TASK OBJECTIVE:
Nothing in the entries may change when you repeat them, and no images may appear.

##### SUPPLIED INFORMATION #####

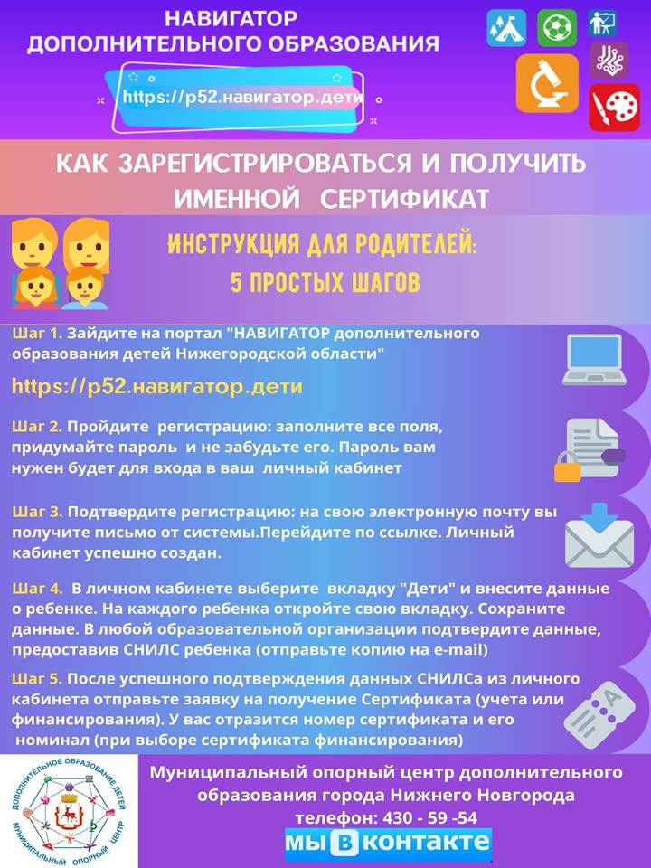 В Нижегородской области работает портал «Навигатор дополнительного образования Нижегородской области» Адрес в интернете: https://p52.навигатор.дети
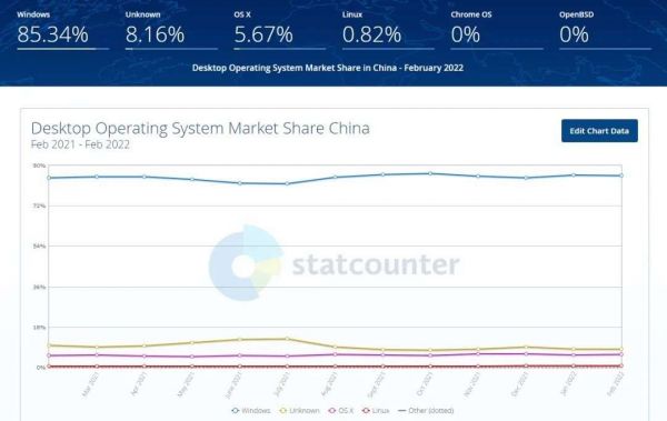 据 Statcounter 的数据,截至 2022 年 2 月,Windows 占据中国的桌面操作系统 85% 以上的份额,macOS 占得 5.67%,两家国际主流操作系统加起来的份额超过 90%。
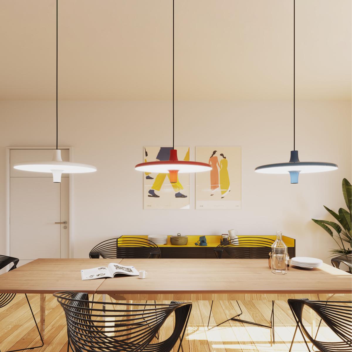 This lamp is essential for remote working and helps when using electrical equipment! Thanks to AVRO, your hunt for a wall socket is over: eat, work or play, all at the same table. Remote working has become increasingly common and has completely changed our way of working and living. Studio Natural designed the AVRO pendant light with remote working in mind, creating a elegant, understated light with a concealed socket in the lower part of its diffuser. The Avro pendant light features a stylish, practical, aluminium design consisting of a 70's style lampshade in the shape of a spinning top. The opaline methacrylate diffuser, below the disc, provides a uniform, practical, non-dazzling light. There's an integrated plug under the diffuser so you can plug in your electronic devices. This ingenious system frees you from the constraints of wall sockets, allowing you to plug in your electronic devices while enjoying continued access to light. The Avro pendant light is ideal suspended over a table, desk or work surface and has been designed to facilitate everyday activities in the home, whether eating, working or playing. Avro allows you to transform your dining table, desk or kitchen work top into a practical space to encourage creativity. You can even add a power strip for easier access to electric outlets. Avro works well in all spaces: study, bedroom, sitting room, kitchen etc. Its retro design contrasts with its innovative features to offer a light that adapts to suit your needs. The integrated LED light source (2700. K, 5000lm, 36. W) is dimmable.
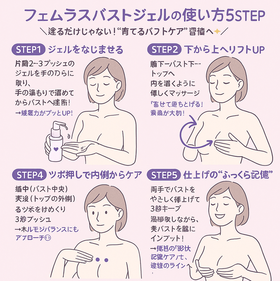 「ハリがなくなった」「形が崩れてきた」「もっとボリュームがほしい」そんな声に応えるのが、フェムラスバストジェル。
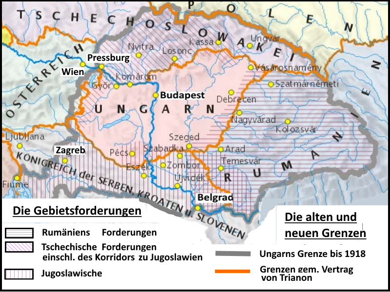 In der österreichischen Reichhälfte hatte am 30. Oktober 1918 die von allen deutschen Abgeordneten der im "k.k. Reichsrat vertretenen Königreiche und Länder" gebildete "Provisorische Nationalversammlung" die Republik Deutsch-Österreich ausgerufen und als Teil des Deutschen Reichs erklärt, wärend der noch von König Karl (1) eingesetzte ungarische Ministerpräsident Mihály Károlyi zwei Wochen später die "Ungarischen Demokratischen Republik" ausrief. Österreich glaubte noch zu diesem Zeitpunkt seine nationale Einheit auf Grund des Selbstbestimmungsrechts erhalten zu können, in Ungarn ließen die im Waffenstillstand von Belgrad festgelegten Grenzen hoffen, mit geringen Gebietsverlusten davon zu kommen. |
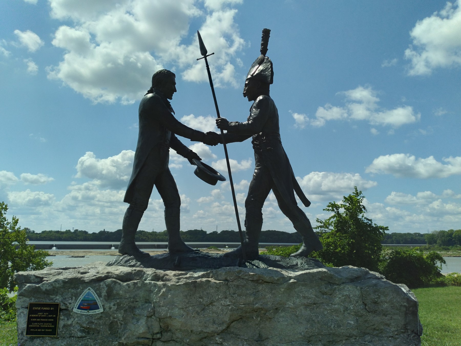 After dallying in Jeffersonville but before pushing on toward Louisville, we digressed a few miles west into Clarksville, where Falls of the Ohio State Park sits along the shore of the Ohio River and offers a scenic view of Kentucky on the far side. The park’s location was chosen for its significance to Indiana history, centered as it is around the former homestead of the explorer George Rogers Clark, whose name was a mandatory subject in Indiana fourth-grade social studies classes when we were kids. We touched upon his story in a previous summer vacation and dodged around the question of how his encounters and relations with the indigenous on his travels may not have aged well into the current era of ceaselessly rethought and re-rethought topicality. Nevertheless, Clark still has things named after him to this day.
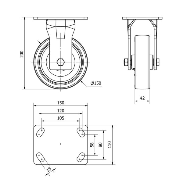 Rueda poliuretano fija Alex diametro 150 mm. modelo 4-0936
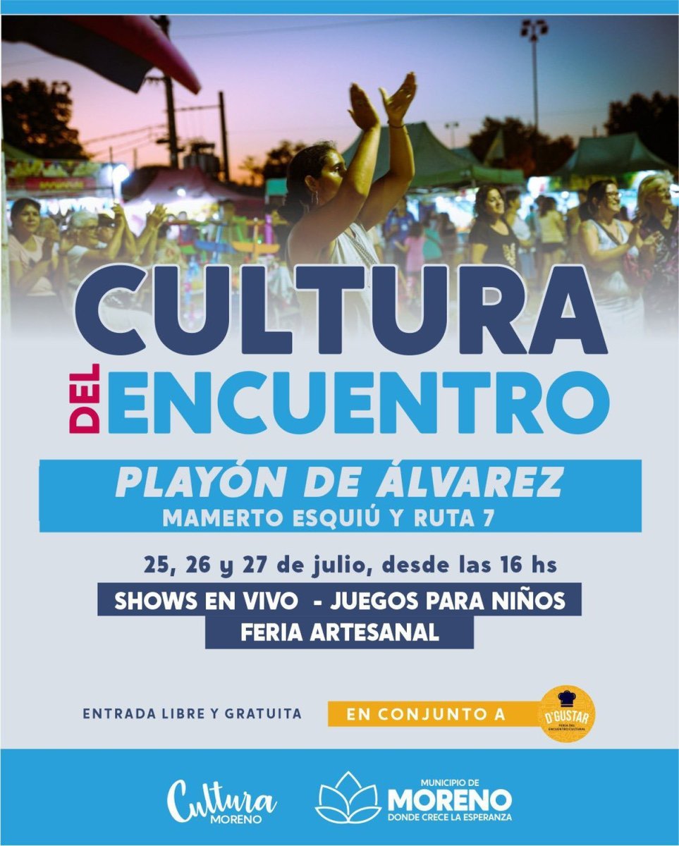 En el Playón de Álvarez, se ubicará el Parador Cultura del Encuentro con patio gastronómico, juegos para niños y feria artesanal, shows en vivo y con entrada libre y gratuita. La cita será desde este viernes 25 y hasta el domingo 27 desde las 16:00 horas en el espacio ubicado en Mamerto Esquiú y Ruta 7.
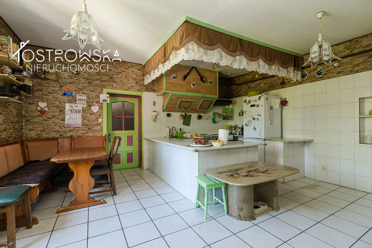 Budynek 4 kondygnacyjny o pow. całkowitej ok 1000 m2 posiada bezpośredni dostęp do drogi publicznej nr 58. Dach nad częścią mieszkalną z dachówki ceramicznej ( wymiana3 lata ), wymienione wszystkie okna, wnętrze do remontu i adaptacji w zależności od dalszego przeznaczenia . Fundament zbudowany z głazów, ściany z cegły palonej o grubości ok 35 cm.
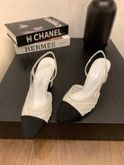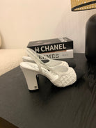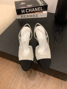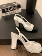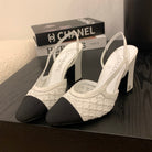 CC 25 Sandal Heel 85mm White Fabric Black Grosgrain
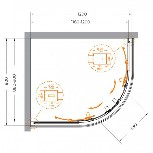 Душевой уголок Cezares Relax-304-RH-2-120/90-C-GM
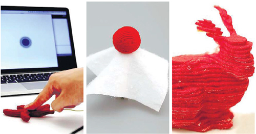 말랑한 인형도 만드는 3D 프린터 美서 개발 입력 : 2015-04-19 22:45:28 수정 : 2015-04-19 23:33:30 구글 네이버 유튜브 미국 디즈니 연구소가 18일(현지시간) 3차원(3D) 프린터 터치 센서와 펠트를 가공해 만든 인형(왼쪽부터)을 홈페이지에 공개했다. 플라스틱이나 금속 등을 써 딱딱한 물체를 생산하는 일반 3D 프린터와 달리 양모 등을 압축해 만든 부드럽고 두꺼운 천인 펠트를 이용한 만큼 물렁물렁한 물체를 만들 수 있는 점이 이 3D 프린터의 특징이라고 연구소 측은 설명했다. 디즈니 연구소 제공 Copyright ⓒ 세계일보. 무단 전재 및 재배포 금지 세계일보 황계식

#####

OUTPUT OF THE EXERCISE:
 В Нижегородской области работает портал «Навигатор дополнительного образования Нижегородской области» Адрес в интернете: https://p52.навигатор.дети
 据 Statcounter 的数据,截至 2022 年 2 月,Windows 占据中国的桌面操作系统 85% 以上的份额,macOS 占得 5.67%,两家国际主流操作系统加起来的份额超过 90%。
 This lamp is essential for remote working and helps when using electrical equipment! Thanks to AVRO, your hunt for a wall socket is over: eat, work or play, all at the same table. Remote working has become increasingly common and has completely changed our way of working and living. Studio Natural designed the AVRO pendant light with remote working in mind, creating a elegant, understated light with a concealed socket in the lower part of its diffuser. The Avro pendant light features a stylish, practical, aluminium design consisting of a 70's style lampshade in the shape of a spinning top. The opaline methacrylate diffuser, below the disc, provides a uniform, practical, non-dazzling light. There's an integrated plug under the diffuser so you can plug in your electronic devices. This ingenious system frees you from the constraints of wall sockets, allowing you to plug in your electronic devices while enjoying continued access to light. The Avro pendant light is ideal suspended over a table, desk or work surface and has been designed to facilitate everyday activities in the home, whether eating, working or playing. Avro allows you to transform your dining table, desk or kitchen work top into a practical space to encourage creativity. You can even add a power strip for easier access to electric outlets. Avro works well in all spaces: study, bedroom, sitting room, kitchen etc. Its retro design contrasts with its innovative features to offer a light that adapts to suit your needs. The integrated LED light source (2700. K, 5000lm, 36. W) is dimmable.
 「ハリがなくなった」「形が崩れてきた」「もっとボリュームがほしい」そんな声に応えるのが、フェムラスバストジェル。
 In der österreichischen Reichhälfte hatte am 30. Oktober 1918 die von allen deutschen Abgeordneten der im "k.k. Reichsrat vertretenen Königreiche und Länder" gebildete "Provisorische Nationalversammlung" die Republik Deutsch-Österreich ausgerufen und als Teil des Deutschen Reichs erklärt, wärend der noch von König Karl (1) eingesetzte ungarische Ministerpräsident Mihály Károlyi zwei Wochen später die "Ungarischen Demokratischen Republik" ausrief. Österreich glaubte noch zu diesem Zeitpunkt seine nationale Einheit auf Grund des Selbstbestimmungsrechts erhalten zu können, in Ungarn ließen die im Waffenstillstand von Belgrad festgelegten Grenzen hoffen, mit geringen Gebietsverlusten davon zu kommen. |
 After dallying in Jeffersonville but before pushing on toward Louisville, we digressed a few miles west into Clarksville, where Falls of the Ohio State Park sits along the shore of the Ohio River and offers a scenic view of Kentucky on the far side. The park’s location was chosen for its significance to Indiana history, centered as it is around the former homestead of the explorer George Rogers Clark, whose name was a mandatory subject in Indiana fourth-grade social studies classes when we were kids. We touched upon his story in a previous summer vacation and dodged around the question of how his encounters and relations with the indigenous on his travels may not have aged well into the current era of ceaselessly rethought and re-rethought topicality. Nevertheless, Clark still has things named after him to this day.
 Rueda poliuretano fija Alex diametro 150 mm. modelo 4-0936
 En el Playón de Álvarez, se ubicará el Parador Cultura del Encuentro con patio gastronómico, juegos para niños y feria artesanal, shows en vivo y con entrada libre y gratuita. La cita será desde este viernes 25 y hasta el domingo 27 desde las 16:00 horas en el espacio ubicado en Mamerto Esquiú y Ruta 7.
 Budynek 4 kondygnacyjny o pow. całkowitej ok 1000 m2 posiada bezpośredni dostęp do drogi publicznej nr 58. Dach nad częścią mieszkalną z dachówki ceramicznej ( wymiana3 lata ), wymienione wszystkie okna, wnętrze do remontu i adaptacji w zależności od dalszego przeznaczenia . Fundament zbudowany z głazów, ściany z cegły palonej o grubości ok 35 cm.
 CC 25 Sandal Heel 85mm White Fabric Black Grosgrain
 Душевой уголок Cezares Relax-304-RH-2-120/90-C-GM
 말랑한 인형도 만드는 3D 프린터 美서 개발 입력 : 2015-04-19 22:45:28 수정 : 2015-04-19 23:33:30 구글 네이버 유튜브 미국 디즈니 연구소가 18일(현지시간) 3차원(3D) 프린터 터치 센서와 펠트를 가공해 만든 인형(왼쪽부터)을 홈페이지에 공개했다. 플라스틱이나 금속 등을 써 딱딱한 물체를 생산하는 일반 3D 프린터와 달리 양모 등을 압축해 만든 부드럽고 두꺼운 천인 펠트를 이용한 만큼 물렁물렁한 물체를 만들 수 있는 점이 이 3D 프린터의 특징이라고 연구소 측은 설명했다. 디즈니 연구소 제공 Copyright ⓒ 세계일보. 무단 전재 및 재배포 금지 세계일보 황계식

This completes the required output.